И так вдруг легко показалось Василию это сделать, так просто, что он прямо-таки задохнулся неожиданно дареным откровением: «Взять да и впрямь пойти куда-нибудь. Хоть одному, а то и с Левушкиным. Ведь никто тебя, сукиного сына, не держит». Но за последнюю же мысль уцепилось сомнение, следом — другое, третье, и через минуту недавнее воодушевление свое уже виделось ему блажью.
— Куда идти-то? Идти-то некуда. Везде одинаково. Да и теперь много не походишь, враз место найдут.
— Так и там люди живут, и там ума набрать можно. Это токмо малых детей «местом» пугать пристало. Гляди, вот я — весь, не съели ведь.
— А где же побыл-то, Степан Трофимыч? — Лашков, намеренно ускользая от тяжкого для себя разговора, вцепился в последнюю цыганковскую фразу. Видать, помяло?
— Побыл. Помяло, — неопределенно откликнулся тот и, словно засыпая, закрыл глаза и клюнул носом. — Всякое было. — Он снова поднял голову и, проникая соседа в упор, суховато отрезал: — Я, Василий Васильев, там людскую душу загубил.
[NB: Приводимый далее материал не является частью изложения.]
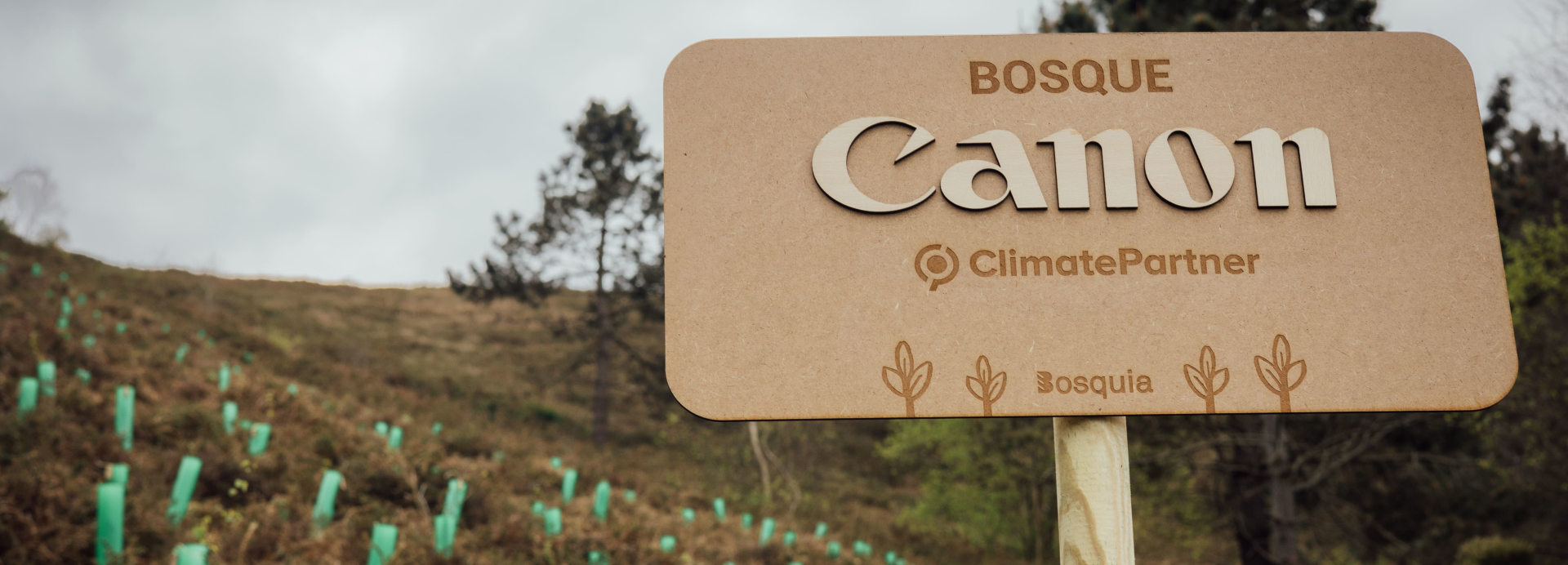 El Bosque crea una masa forestal de carácter protector empleando únicamente especies autóctonas como el abedul (Betula celtiberica) y el sauce (Salix atrocinerea), que proporciona servicios ecosistémicos de captura y almacenamiento de carbono, así como una mejora de la biodiversidad. En el terreno de una hectárea en el que se ejecutó la repoblación se han plantado un total de 2.080 árboles que, durante los próximos 35 años absorberán unas 1.077 toneladas de CO2. Durante este periodo Canon, a través de Bosquia -partner especializado en este tipo de proyectos de reforestación-, llevará a cabo todas las actuaciones silvícolas que sean necesarias para garantizar la perpetuación de la masa forestal.

Этой своей резкой откровенностью Цыганков как бы определял, что ему скрывать от людей нечего, и что собеседник соответственно может решить для себя, каким образом с ним держаться.
И все, чем переполнился в эту минуту Василий, вылилось у него в тихий вопрос:
— А теперь куда, Степа?
— Лето на ущерб пошло. К теплу пробираться буду. В Кутаисе перезимую, али в Батуме.
— Может, зайдешь ко мне, перекусишь, и стопка найдется.